Lithium Americas plans to recycle and reuse withdrawn water an average of seven times, with Phase 1 water consumption estimated at around 929 million gallons per year. The company has also outlined habitat restoration and post-mining reclamation plans.

However, as political scientist Thea Riofrancos points out, “What I think is concerning is the proliferation of lots of voluntary governance mechanisms that companies don’t have to do. What’s important — and it sounds old-fashioned, maybe — is regulation that’s binding; that’s enforceable; that carries sanctions, fees, punishments, fines, whatever, if the regulations are not obeyed.”

Riofrancos believes the IRA-supported DOE loan program represents a missed opportunity to tie robust regulations to mining projects, as the program is “very light on guardrails and requirements for loan recipients.”

Balancing Needs and Impacts

The Thacker Pass project has also faced opposition from Indigenous communities, like the Pyramid Lake Paiute Tribe, who are concerned about the impacts on their sacred sites and intertwined local ecosystem.

“A lot of people think it’s just a desert wasteland,” says tribal elder Dean Barlese. “But the medicines we use are still out there.

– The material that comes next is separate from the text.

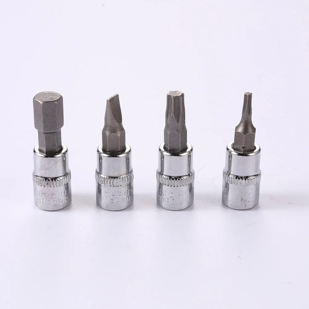 Особенности:1. Ручка отвертки может сочетаться с головкой отвертки (крестообразная Т-образная головка сливового цветка Шестигранная удлинитель универсальный шарнир может вместить гибочный стержень)2. Рукав изготовлен из высококачественной хромированной ванадиевой стали 50BV30 холодным прессованием. Крутящий момент на 50% выше, чем у углеродистой стали. Рукав обработан гладкой поверхностью второго класса и имеет хороший эффект предотвращения ржавчины. Головка партии изготовлена из CR-V материала, который обладает повышенной твердостью и прочностью.3. Трещоточный ключ (положительный и отрицательный), который быстро выпадает, функция быстрого спуска кнопки может гарантировать, что розетка надежно заблокирована в процессе использования, И гнездо можно легко снять или быстро заменить жирными или жирными пальцами. Наш высококачественный 45 зубной храповик может улучшить скорость работы. Это идеальный набор инструментов для открытия ускорителя, и маленькие гайки обычно используются в кондиционировании воздуха, гайки сидений, крылья шин, дверные замки и бытовые (в основном включены).Характеристики:Материал: углеродистая стальСпецификация:Гнездо шестигранного узора: T10 / T15 / T20 / T25 / T30 / T40Гнездо шестиугольника с плоской головкой: H3 / H4 / H5 / H6 / H7 / H8Прорези: S4/S5.5/S7Крест: PH1/PH2/PH3POZI: PZ1 / PZ2 / PZ313 шт. 1/4 "с шестигранной головкой гнезда: 4-4.5-5.5-6-7-8-9-10-11-12-13-14mm1 шт. 1 / 4 "универсальный шарнир1 шт. 1 / 4 "Эластичные расширение стержня2 шт. 1 / 4 "удлинительные стержни (50 мм, 100 мм)3 шт. l-типа гаечные ключи, дюймовый стандарт (1,5-2-2,5 мм)1 шт. 1 / 4 "Горка для душа1 шт 1/4 "интерфейс маленький квадратный бар1 шт. 1 / 4 "быстрое освобождение ключ-трещотка1 шт. ящик для инструментовПримечания:1. Из-за различных настроек монитора и светильник эффект, фактический цвет элемента может быть s светильник ly отличается от цвета, представленного на снимках. Спасибо!2. Возможны отклонения в 1-3 см вследствие измерений вручную.

As Native people, we still gather our food, roots, berries — we’ve survived here for thousands of years.”

Barlese and others argue that the environmental and cultural costs of lithium mining are too high, even with mitigation efforts. “I would encourage the public to really look into the devastation that getting a bit of lithium does,” he says.

As the lithium rush intensifies, experts suggest there may be other ways to reduce demand and the need for new mines. Riofrancos points to the potential of public transit, walkable communities, and smaller, more resource-efficient batteries as alternatives that could lessen the pressure on lithium supplies.

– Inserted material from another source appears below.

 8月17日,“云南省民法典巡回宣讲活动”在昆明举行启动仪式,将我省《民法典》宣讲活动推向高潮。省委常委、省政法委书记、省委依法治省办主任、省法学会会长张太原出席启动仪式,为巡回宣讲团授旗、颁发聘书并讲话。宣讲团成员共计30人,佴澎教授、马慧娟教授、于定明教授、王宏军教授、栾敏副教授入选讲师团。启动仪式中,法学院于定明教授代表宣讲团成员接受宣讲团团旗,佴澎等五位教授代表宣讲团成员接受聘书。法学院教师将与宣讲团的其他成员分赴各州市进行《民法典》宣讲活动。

“Given the complexity of getting a permit, of getting the social license, of having everything in place, it’s going to take a long time (to open new mines),” says hydrogeologist David Boutt. “And perhaps by the time we get to the point where we are developing those resources, we’ll have different battery technology where we’re not as reliant on lithium.”

Balancing the critical need for lithium to support the energy transition with the environmental and social costs of mining will be a complex and ongoing challenge. As the government pours billions into boosting domestic lithium supplies, careful regulation, community engagement, and technological innovation will be essential to mitigate the impacts and ensure a more sustainable path forward.